We acknowledge some limitations of our study. First, it is a single-center study with a limited sample size. Therefore, the findings cannot be directly generalized for all sepsis patients. However, the interdependencies between our novel variables and their associations with clinical variables remained significant after multiple adjustments and additional sensitivity analyses. Second, this study was neither designed nor powered to test the performance of novel variables for outcome prediction. However, our findings add interesting new aspects to the lively field of intravital microscopy research. Further longitudinal studies are needed to evaluate the MVHS for outcome prediction. Third, since all calculations are ultimately based on the flow properties of RBCs, we can only analyze microvessels in which a minimal number of RBCs are present and the predefined quality criteria are met. Vessels without RBCs or invalid vascular segments are therefore not detected by the software. That could have an impact not only on the density calculations, but also on the estimation of the PBR, as severely affected capillaries might not be accessible to RBCs anymore. However, past studies have shown, that the average PBR (4–25 µm) of healthy and septic subjects measured in vivo correlates excellently with the decrease in glycocalyx thickness of endothelial cells after incubation with the concordant serum samples, further supporting the accuracy of PBR values. Fourth, technical limitations, as, e.g., pressure artifacts or low spatial resolution might have affected the results.

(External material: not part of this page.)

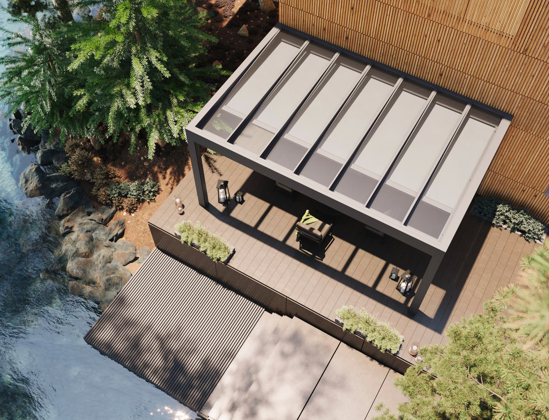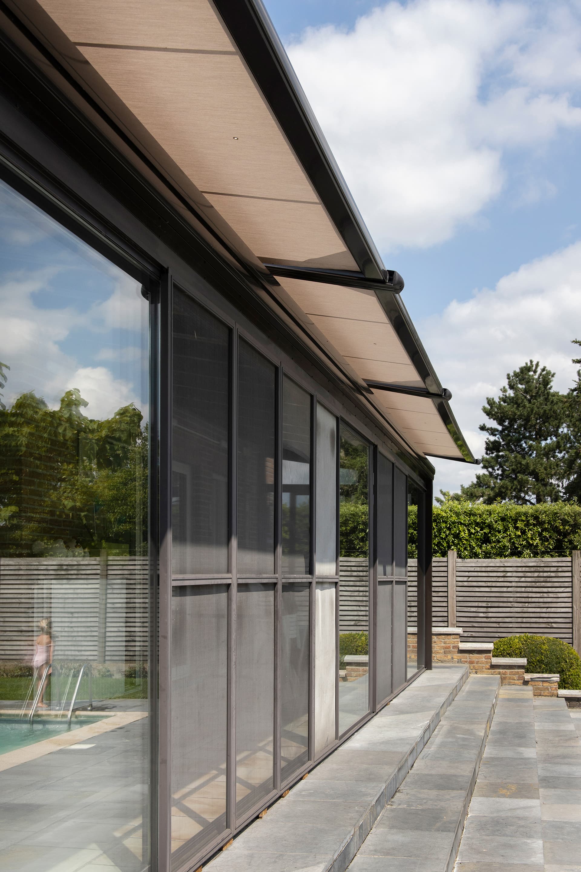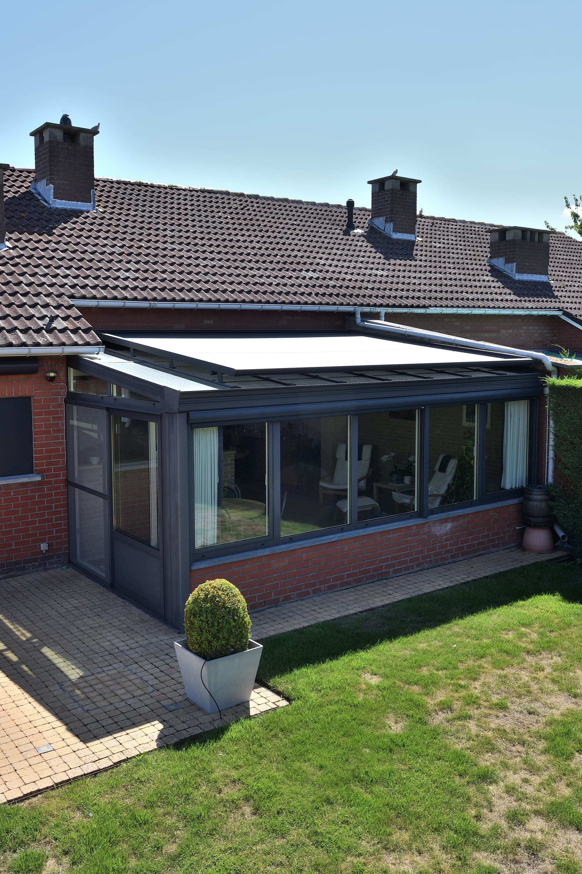 Nuestros toldos de veranda son tan versátiles como tu veranda. ¿Tienes una veranda rectangular o un techo de cristal con una forma irregular o esquinas redondeadas? En Brustor, encontrarás sin duda exactamente el tipo de protección solar que buscas, con el color y la calidad que desees. ¿Prefieres protección solar en el interior de la veranda? Por supuesto, eso también es posible.

However, all measurements were performed by only one very experienced investigator specially trained to avoid pressure artifacts. Moreover, the camera has a sufficiently high resolution.

Conclusion and outlook

We used a highly differentiated analysis to quantify RBC dynamics in sublingual microvessels and found that taking the interdependence between capillary blood volume, capillary recruitment and PBR into account, is key to better understand microvascular dysfunction in sepsis. The MVHSdynamic reflects an impairment of very small capillaries and has a broad bandwidth to detect microvascular dysfunction in critically ill patients. Future clinical studies should evaluate the prognostic value of MVHS in sepsis.